C250-S Controller Lenze BerkualitasC250-S Controller Lenze Berkualitas

Kami PT. Raibung Delapan Sinergi Distributor C250-S controller Lenze Berkualitas menjual Produk C250-S controller Lenze product yang kami jual Berkualitas Original. Kami bersaing harga dengan distributor lainnya dengan harga yang sangat murah untuk C250-S controller Lenze kami. Banyak konsumen membeli C250-S controller Lenze dari kami karena Distributor C250-S controller Lenze dari kami  harganya yang murah dan terjangkau.

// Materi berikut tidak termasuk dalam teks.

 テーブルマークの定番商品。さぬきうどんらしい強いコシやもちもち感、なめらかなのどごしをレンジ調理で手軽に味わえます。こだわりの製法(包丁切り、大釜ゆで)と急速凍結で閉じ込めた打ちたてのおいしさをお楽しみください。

Spesifikasi C250-S Controller Lenze

Lenze c250-S Safety Controller yang dirancang untuk menangani fungsi keselamatan pada sistem otomasi mesin. Perangkat ini bukan sekadar PLC konvensional, tetapi merupakan bagian dari sistem functional safety yang bertugas mengevaluasi sinyal keselamatan dan mengoordinasikan respons keselamatan dengan perangkat lain seperti Safety I/O maupun perangkat drive yang mendukung FSoE (Fail Safe over EtherCAT).

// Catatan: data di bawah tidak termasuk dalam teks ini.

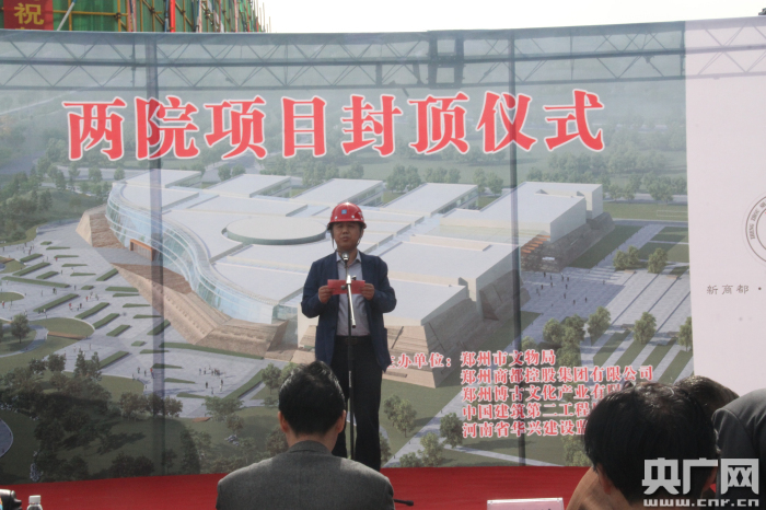 央廣網(wǎng)河南分網(wǎng)消息 4月20日上午,鄭州商都遺址博物院和鄭州市文物考古研究院建設(shè)項(xiàng)目施工現(xiàn)場(chǎng)彩旗飄揚(yáng),在熱烈的掌聲中,項(xiàng)目迎來(lái)了激動(dòng)人心的主體工程封頂儀式。來(lái)自鄭州市文物局、管城回族區(qū)政府、東大街街道辦事處、鄭州商都控股集團(tuán)、鄭州博古文化產(chǎn)業(yè)有限公司、河南省華興建設(shè)監(jiān)理有限公司的領(lǐng)導(dǎo)和嘉賓,以及勞務(wù)公司代表、項(xiàng)目全體員工等100余人參加了封頂儀式。鄭州市文物局局長(zhǎng)任偉出席儀式并發(fā)表講話,中建二局二公司中原分公司經(jīng)理崔彥波代表施工單位參加儀式。
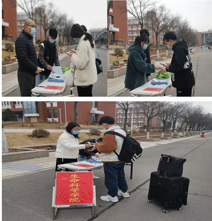 2月28日,生命科学学院严格按照学校相关要求,分时分批、错时错峰组织学生顺利返校。科学的防疫措施,便捷的返校流程,报到现场,返校学生在辅导员张宏熙、房继德、祖群、徐茜茜老师的引导下,积极配合体温检测、身份核验等工作。
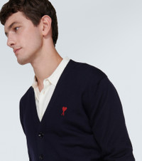 A symbol of Ami Paris since 2016, the Ami de Cœur logo is named after the French expression for "friend of the heart". This wool cardigan features a buttoned front and ribbed-knit cuffs and waistband. Product Details - Material: 100% wool (merino wool) - Care instructions: hand wash - Made in Portugal - Designer color name: Night Blue - Item number: P00832329 Size & Fit - True to size - Dropped shoulders - Straight fit - Mid-weight material - Falls to the hip - The model in the picture is 185cm-6'1" and wearing a size M
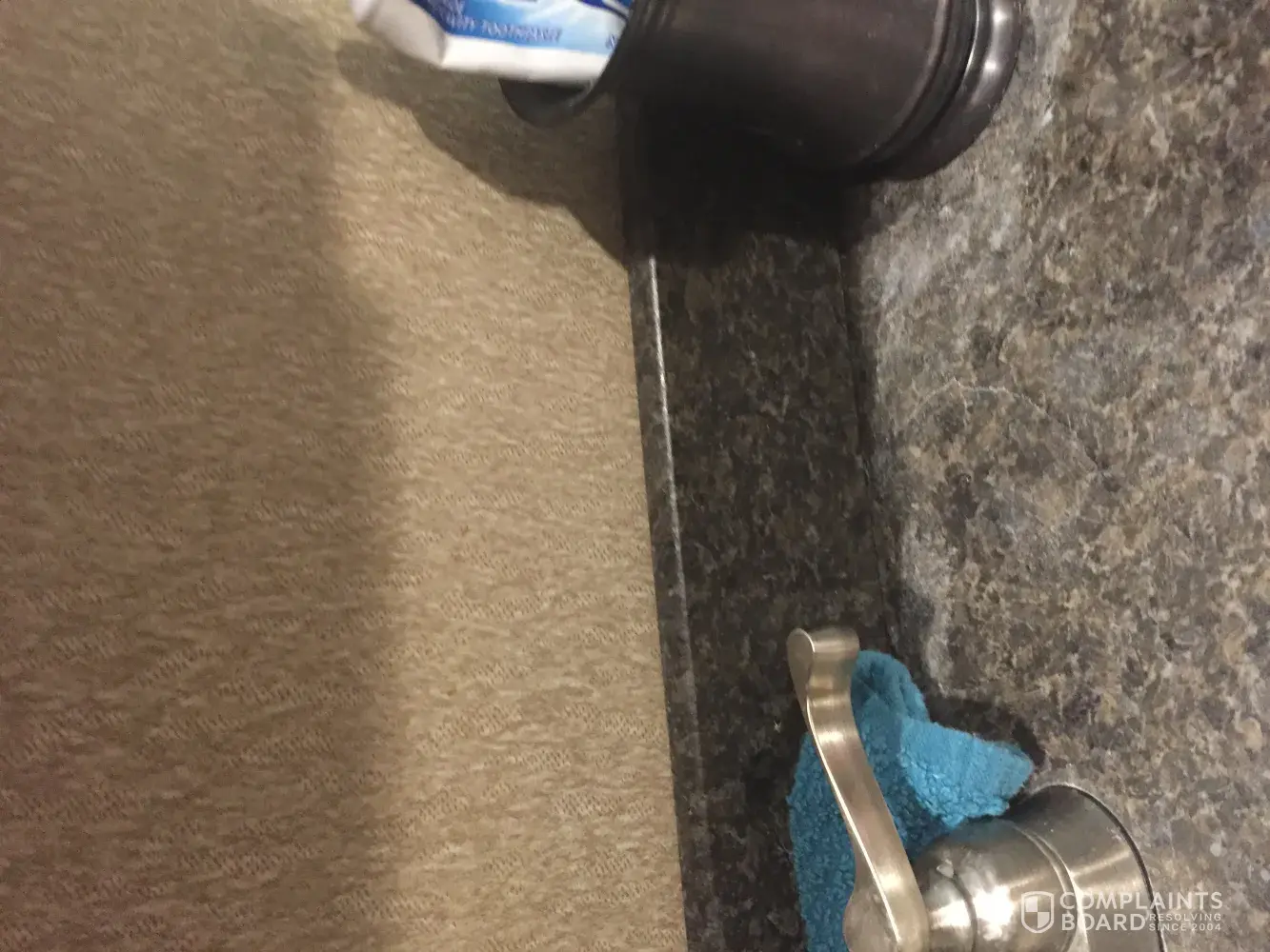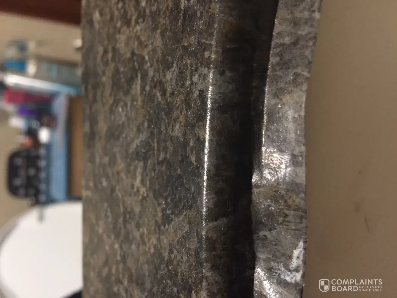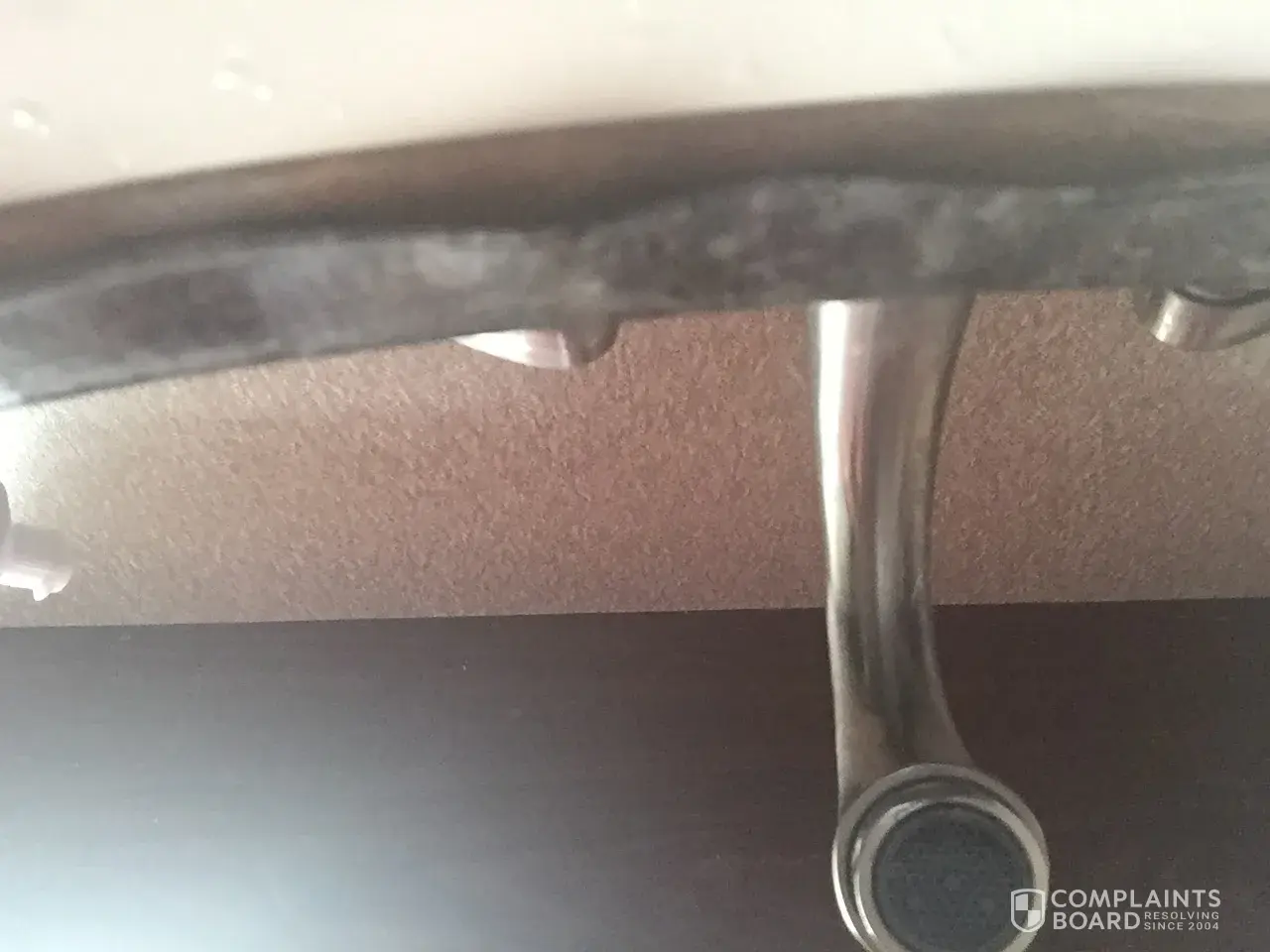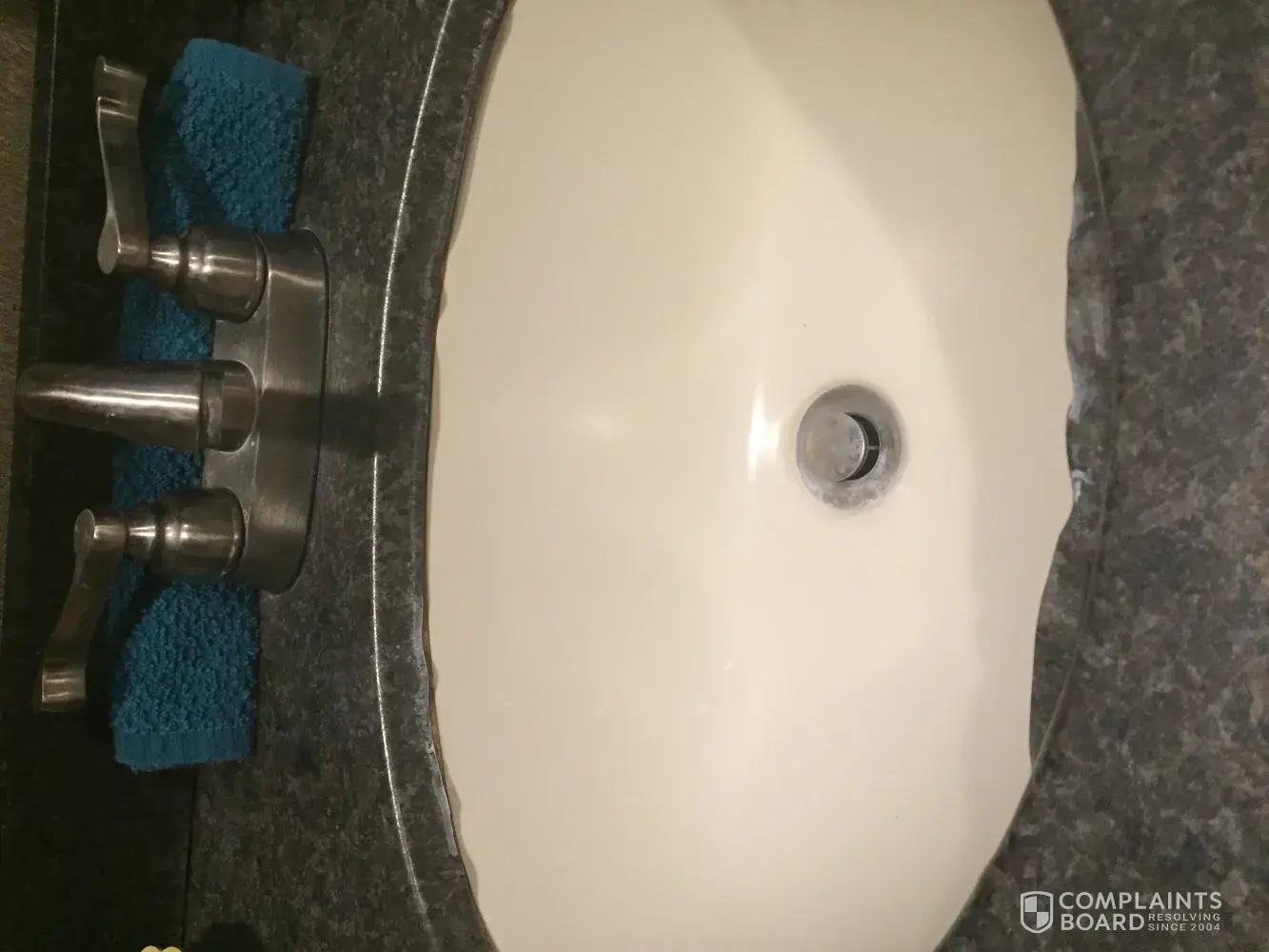 Vanity sink in bathroom laminate cut too short around sink completly lifted looks awfull reported to forest river in June was told that was a problem been trying to get replaced since June 2016 now Feb. talked to the diesel division they don't seem to be able to order parts (new vanity top)

Menurut dokumentasi resmi Lenze, c250-S menyediakan solusi terintegrasi untuk teknologi keselamatan sekaligus kebutuhan kontrol dan drive pada sebuah modul mesin. Komunikasi sistem menggunakan EtherCAT, sementara c250-S berfungsi sebagai EtherCAT slave dan FSoE master.

Salah satu kode produk yang terkait langsung dengan perangkat ini adalah C25BAYSQ. Dalam dokumentasi Lenze, C25BAYSQ secara khusus diidentifikasi sebagai modul Safety Controllers c250-S.

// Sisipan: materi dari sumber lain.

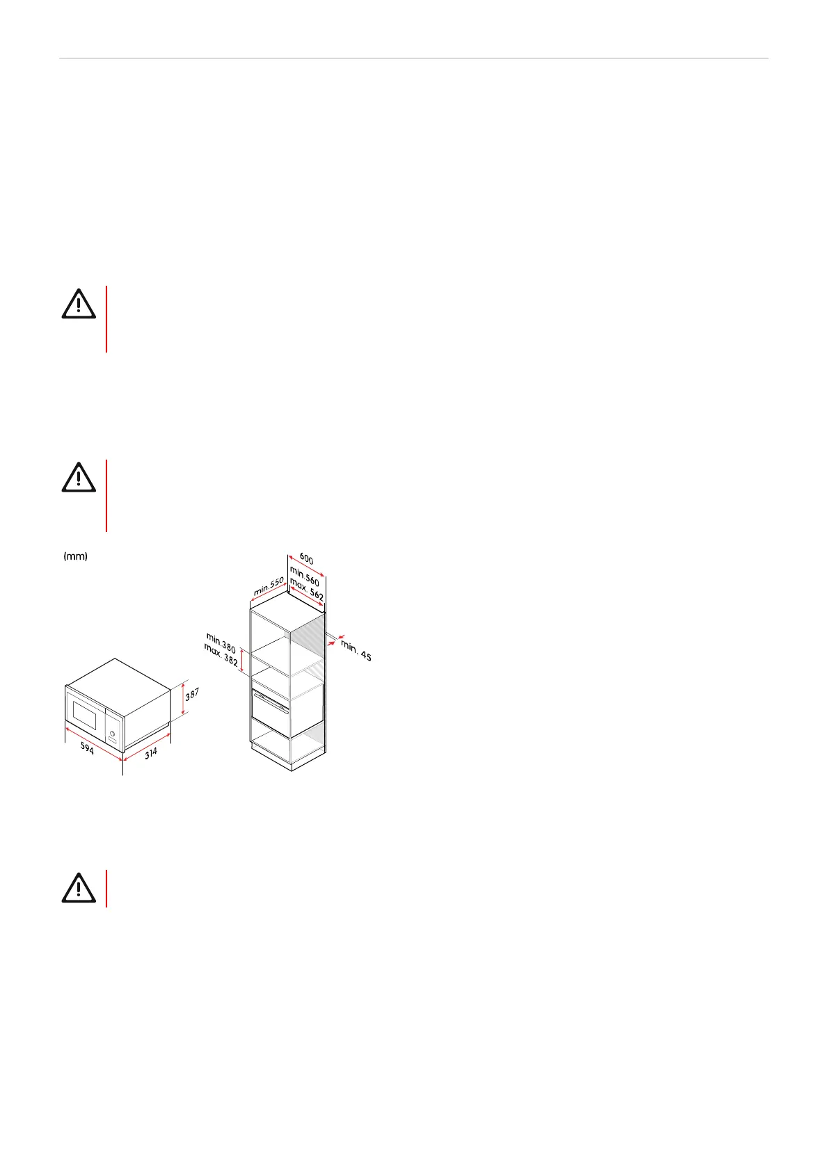 • Diese Mikrowelle ist nur für den Einbau bestimmt. Sie ist nicht für die Verwendung auf der Arbeitsfläche oder in einem

Keberadaan controller keselamatan seperti c250-S sangat penting pada mesin modern. Ketika mesin memiliki area bergerak, Motor, servo drive, pintu pengaman, emergency stop, light curtain, atau perangkat keselamatan lainnya, sistem kontrol harus mampu mendeteksi kondisi berbahaya dan membawa mesin menuju kondisi aman.

Spesifikasi Utama C250-S Controller Lenze

Berikut beberapa spesifikasi utama Lenze c250-S / C25BAYSQ:

ParameterSpesifikasi
ProdukLenze Safety Controller c250-S
Product KeyC25BAYSQ
Jenis perangkatSafety Controller / Safety PLC
Operating systemCODESYS + Runtime Environment
KomunikasiEtherCAT
Fungsi komunikasi keselamatanEtherCAT FSoE Master
EtherCAT100 Mbps
Interface sistem10-pin system plug pada sisi modul
Kapasitas memoriTotal 512 kB
Memori aplikasi Safety±400 kB
Memori konfigurasi±112 kB
System power5 VDC melalui E-bus
Supply sistemMelalui head module/bus coupler 24 VDC
Output Safety I/O terkaitHingga 2 A, tergantung modul I/O
Safety ratingSIL 3
Performance levelPL e
CategoryCategory 4
MountingDIN rail
Posisi pemasanganHorizontal
Temperatur operasi0 °C hingga +55 °C
Temperatur penyimpanan/transport-25 °C hingga +70 °C
Kelembapan operasi5–95%, non-condensing
Ketinggian operasiMaks. 2.000 m di atas permukaan laut
Derajat polusiDegree of Pollution 2
Proteksi lingkungan pemasanganSistem dipasang dalam lingkungan minimal IP54, misalnya control cabinet

Data teknis tersebut berasal dari dokumentasi pengoperasian c250-S dan informasi produk Lenze.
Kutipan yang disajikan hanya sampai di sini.